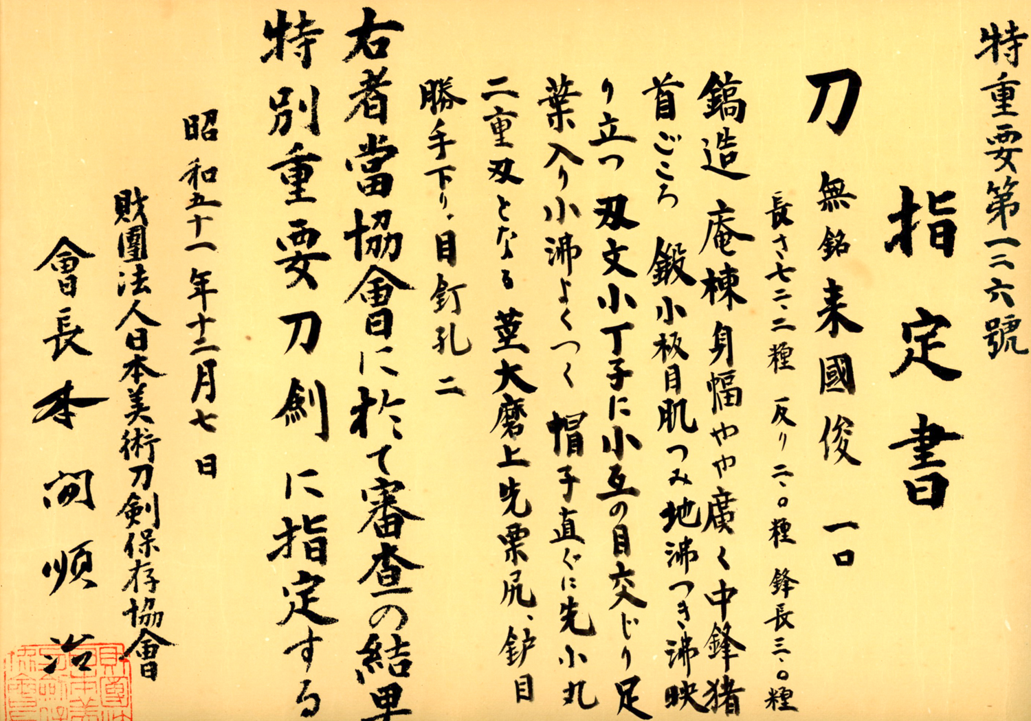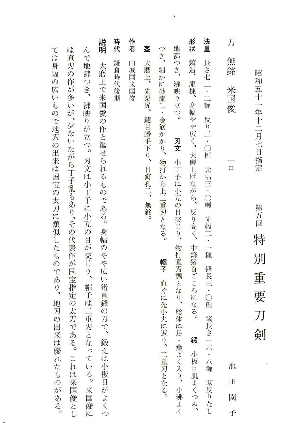 Tokubetsu-Jūyō Tōken at 5th Tokubetsu-Jūyō Shinsa held on December 7, 1976
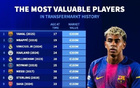 德转历史身价榜:4人2亿最高,梅西1.8亿第7,C罗1.2亿第30
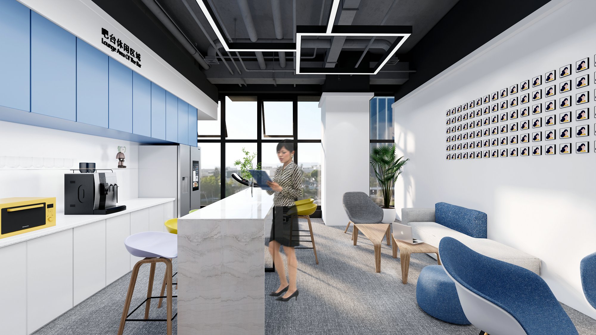 在茶水间设计了有水吧台、休闲书吧、健身功能、能让员工在工作之余有个多样式放松、休闲的地方。
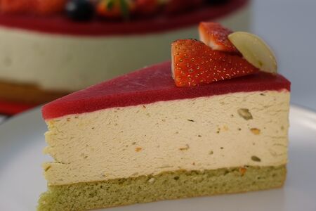 Պիստակի հիմքով բարակ բիսկվիտային շերտեր, պիստակի մածուկով նուրբ մուսային շերտ, ծածկված է ազնվամորու դոնդողային շերտով
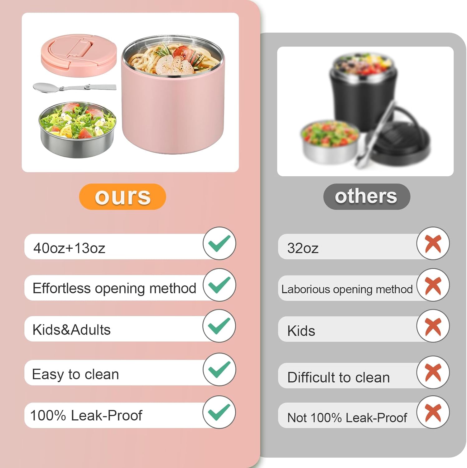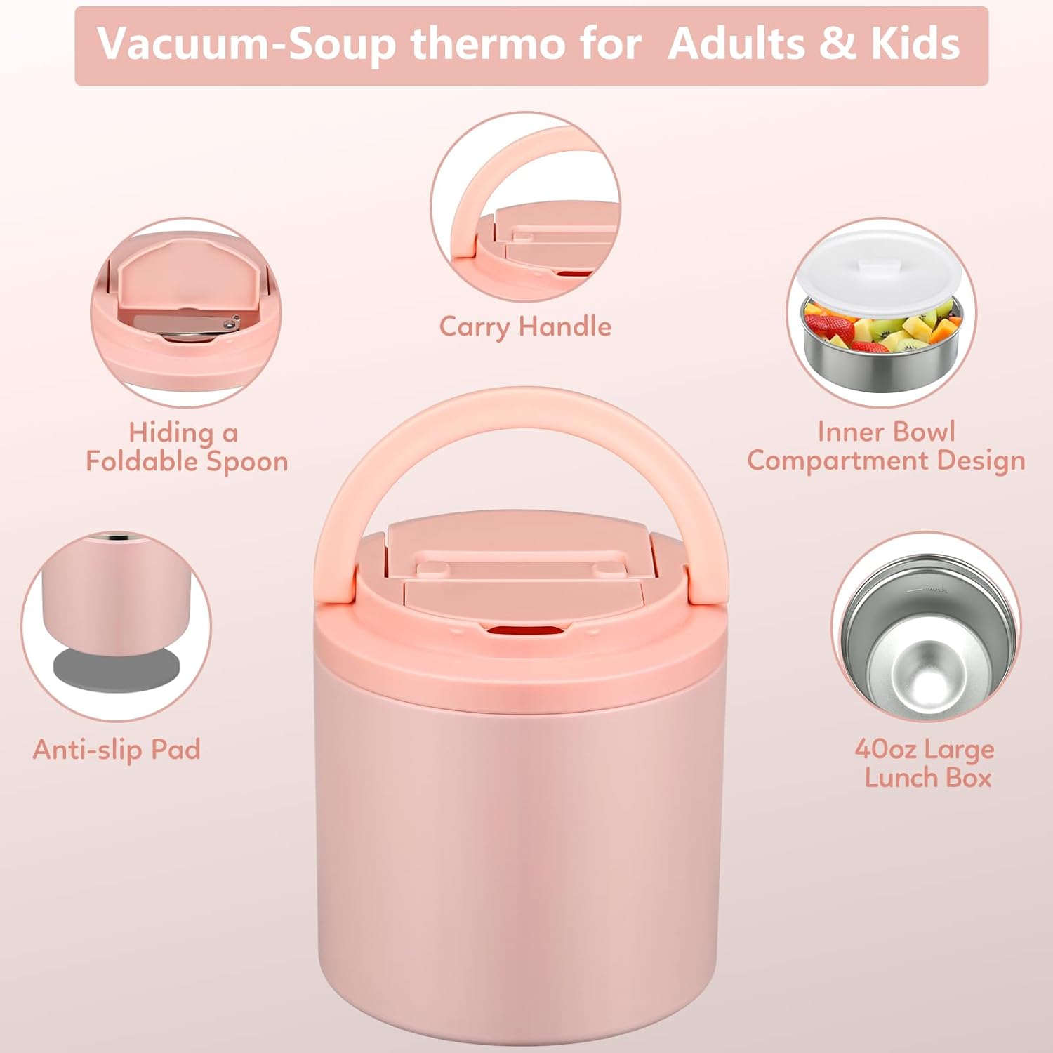 - Large Capacity Lunch Container: This spacious 40-ounce food thermo is perfect for sharing delicious meals with your group, whether at the office, school, or during outdoor adventures like camping. Perfect for soups, stews, and other hot dishes.
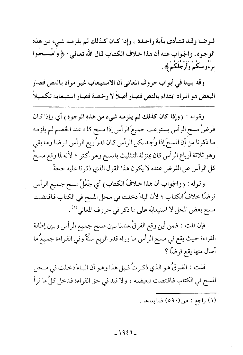وقوله: (وإذا كان كذلك لم يلزمه شيء من هذه الوجوه) أي وإذا كان فرض مسح الرأس يستوعب جميع الرأس إذا مسح كله عند الخصم لم يلزمه ما ذكرنا من أن المسح إذا وجد بكل الرأس كان قدر ربع الرأس فرضا وما بقي وهو ثلاثة أرباع الرأس كان بمنزلة التثليث بالمسح وهو أكثر، لأنه لما وقع مسح كل الرأس عند الفرض عنده لا يكون هذا القول الذي ذكرنا عليه حجة.
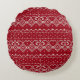Festive round Holiday gooit kussen met een Scandinavisch/Noors breipatroon in rood en wit.
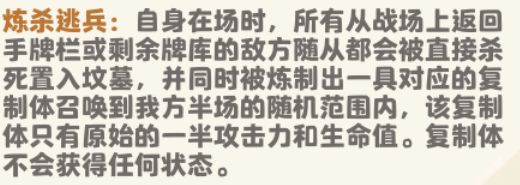 该技能是恶魔领主的终极技能,将在恶魔领主达到5级时习得,是一个解场控场,反败为胜的大招,但需搭配其他随从或技能卡打出效果,当敌方随从返回手牌或牌库时,将被恶魔领主直接击杀,并生成对应复制体效忠于我方,且该复制体可以释放本体的技能!!当复制体达到2个时,还将进一步强化2技能,打出全场控制的效果!!
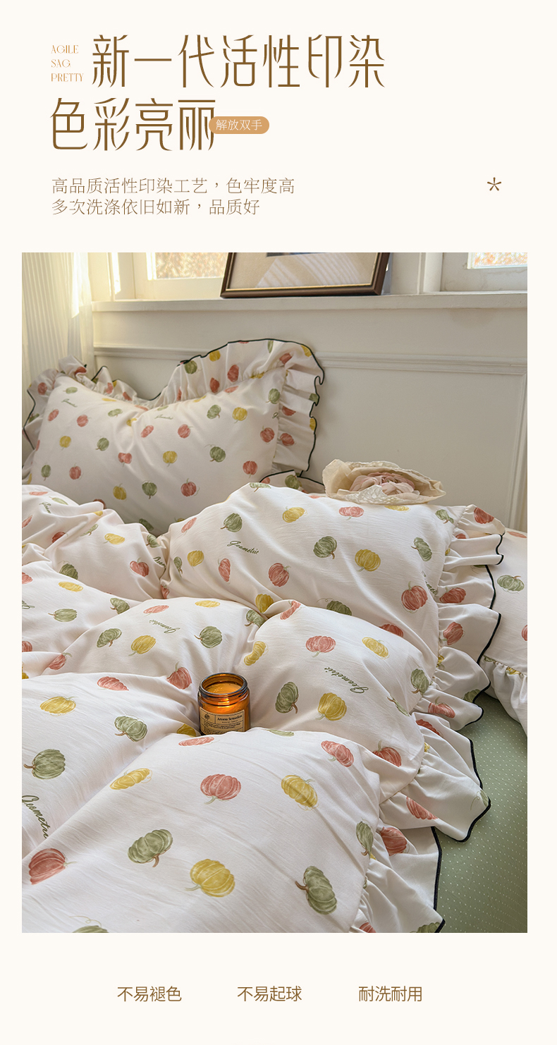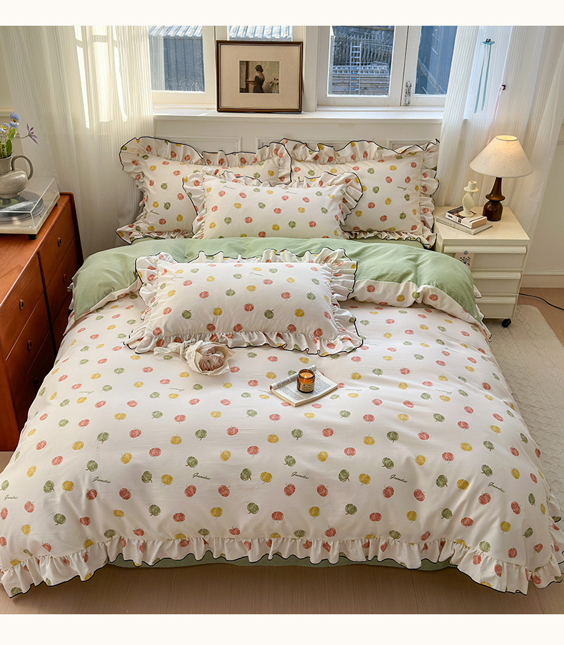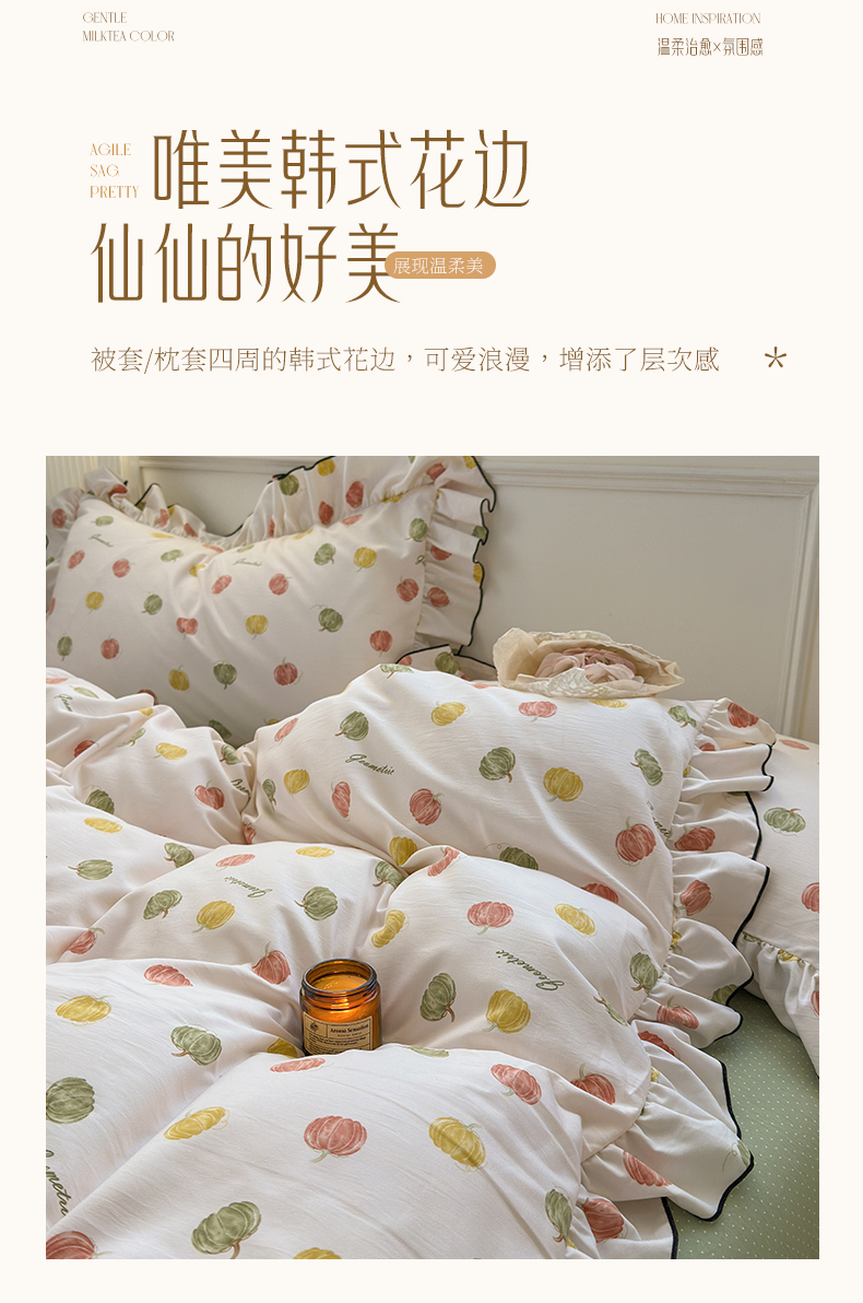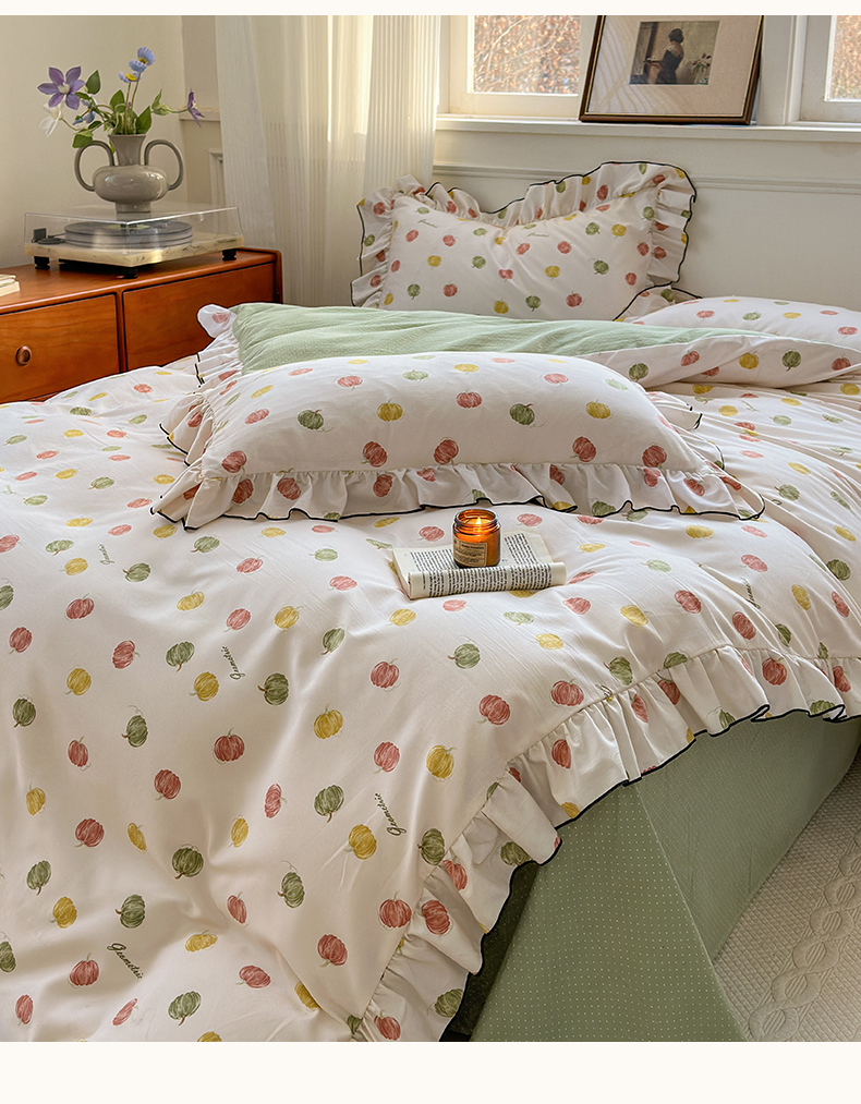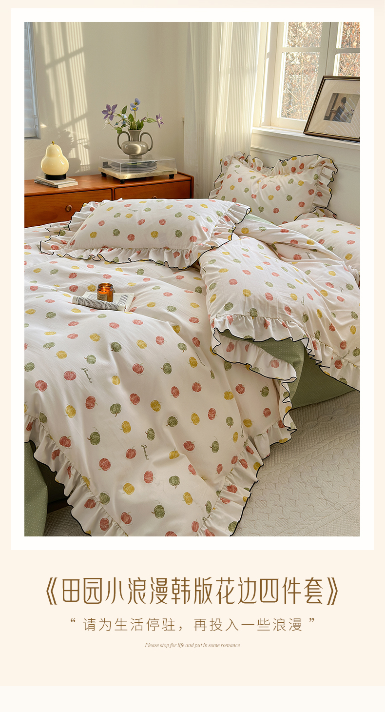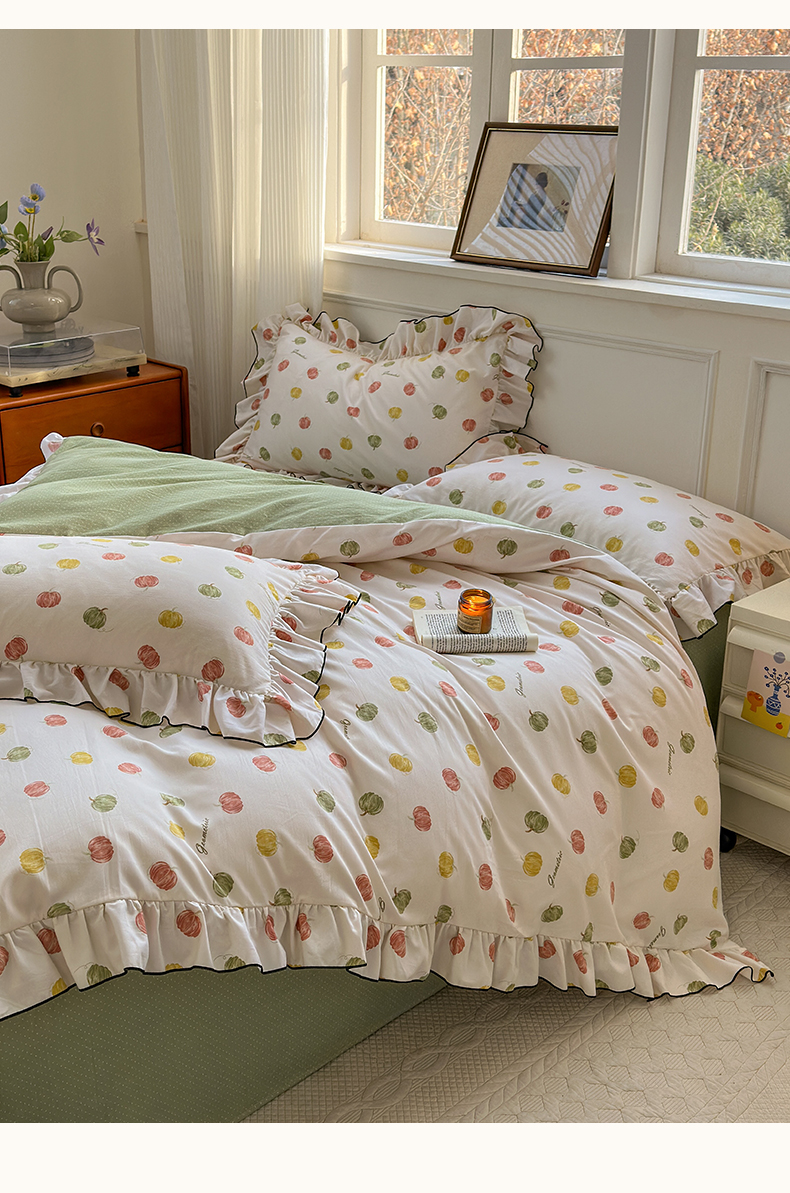 当前位置: 91家纺网 > 商品网购 > 床品套件 > 四件套 > 其它四件套 > 寐居家纺 2025新款韩版舒柔绵四件套 花边款-多彩南瓜

*EXERCISE AIM*: Nothing but the lines from the top of the data above through the line containing "Festive round Holiday" should be output, exactly as written and without the pictures.

*EXERCISE OUTPUT*:
 Tokubetsu-Jūyō Tōken at 5th Tokubetsu-Jūyō Shinsa held on December 7, 1976
 德转历史身价榜:4人2亿最高,梅西1.8亿第7,C罗1.2亿第30
 在茶水间设计了有水吧台、休闲书吧、健身功能、能让员工在工作之余有个多样式放松、休闲的地方。
 Պիստակի հիմքով բարակ բիսկվիտային շերտեր, պիստակի մածուկով նուրբ մուսային շերտ, ծածկված է ազնվամորու դոնդողային շերտով
 - Large Capacity Lunch Container: This spacious 40-ounce food thermo is perfect for sharing delicious meals with your group, whether at the office, school, or during outdoor adventures like camping. Perfect for soups, stews, and other hot dishes.
وقوله: (وإذا كان كذلك لم يلزمه شيء من هذه الوجوه) أي وإذا كان فرض مسح الرأس يستوعب جميع الرأس إذا مسح كله عند الخصم لم يلزمه ما ذكرنا من أن المسح إذا وجد بكل الرأس كان قدر ربع الرأس فرضا وما بقي وهو ثلاثة أرباع الرأس كان بمنزلة التثليث بالمسح وهو أكثر، لأنه لما وقع مسح كل الرأس عند الفرض عنده لا يكون هذا القول الذي ذكرنا عليه حجة.
Festive round Holiday gooit kussen met een Scandinavisch/Noors breipatroon in rood en wit.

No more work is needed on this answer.